Line Laundry

Catmojo
Matt
Sat 20 Nov 2021 08:20
23:01N 21:23W

All fine, still 6 to 7 knots motorsailing, sea around a metre swell, and a full-ish moon overnight.

Little bit more wind overnight to a massive 8knots from E ish, but I couldn't use the mainsail cos the lines were in the wash. See, I decided to use some of the very hot water produced by running the engine to have a shower, and then another shower. Then, I thought it would be jolly good to soak the jib lines in some of the hot water too. And why not the spinnaker and main halyards as well? I didn't take them off, just filled big buckets on the foredeck usinhg smaller buckets from the sink tap, and lifted downhaul lines to allow almost all the spi and main halyards to sit in a long soak overnight with laundry liquid. The jib/foresail lines had only an afternoon soak and quick rinse (no spin, obviously) so the jib has been back up overnight with free of Sahara/Lanzarote dust and far less nastily wiry.
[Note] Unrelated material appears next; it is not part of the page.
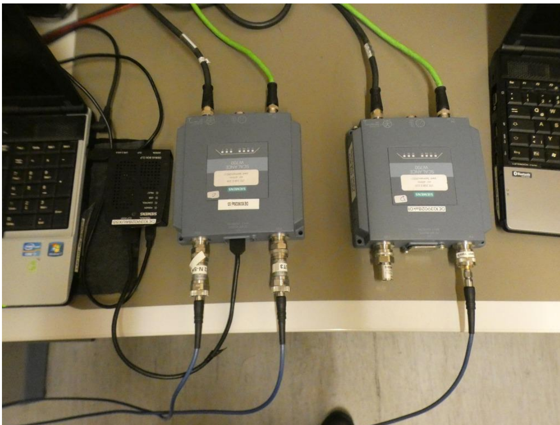
Photo 2: Test setup conducted DFS tests, EUT detail (left EUT used as DFS Master).

I spent/wasted some of yesterday afternoon making a hose adapter for the galley sink tap to a hose pipe for the line-washing project above, to pipe the hot water directly to the foredeck, which eventually worked (only moderately) well with only limited water spraying around the saloon and galley from time to time, largely controlled by a towel over the tap. Well, the computer still works anyway.

There's two batches of lettuce bought on 16th, and all fine with the first so far. The second batch is extra-sealed around the edges with masking tape where I attempted (and largely failed) to suck air out of the container before finally totally sealing it down. But anyway, I can see it lasting at least a week or maybe more at this rate. No, not limp and nasty at all, and I could definitely rejuvenate it more with quick washing. I didn't wash the lettuces before storage btw, just broke off the individual leaves.

Late afternoon I found what seemed to be an abandoned boat, not moving, no sails up. It was static on radar, and as with most sailing boats out here it seems - no AIS. As I got closer I tried raising them on VHF. No answer. Binocular inspection showed it was a Jeanneau 49. There was finally some movement on deck and the motor was running, so all fine. French flagged but I didn't get the name. Three crew with estimated combined age over 210 years. I waved, they waved. As I moved past, they kinda guiltily pulled out a bit of in-mast furled mainsail and pointed west towards even less wind, but still hardly moving for the whole 2 hours as I approached and left them. Oh well. Maybe they were having dinner, or waiting for the ARC helicopters.

It'll be just over 450 miles direct back to Las Palmas at 830 GMT, which means 150miles VMG per day = just over 6knots average VMG. 6knots is 18-19 day crossing and fine enough. No rush.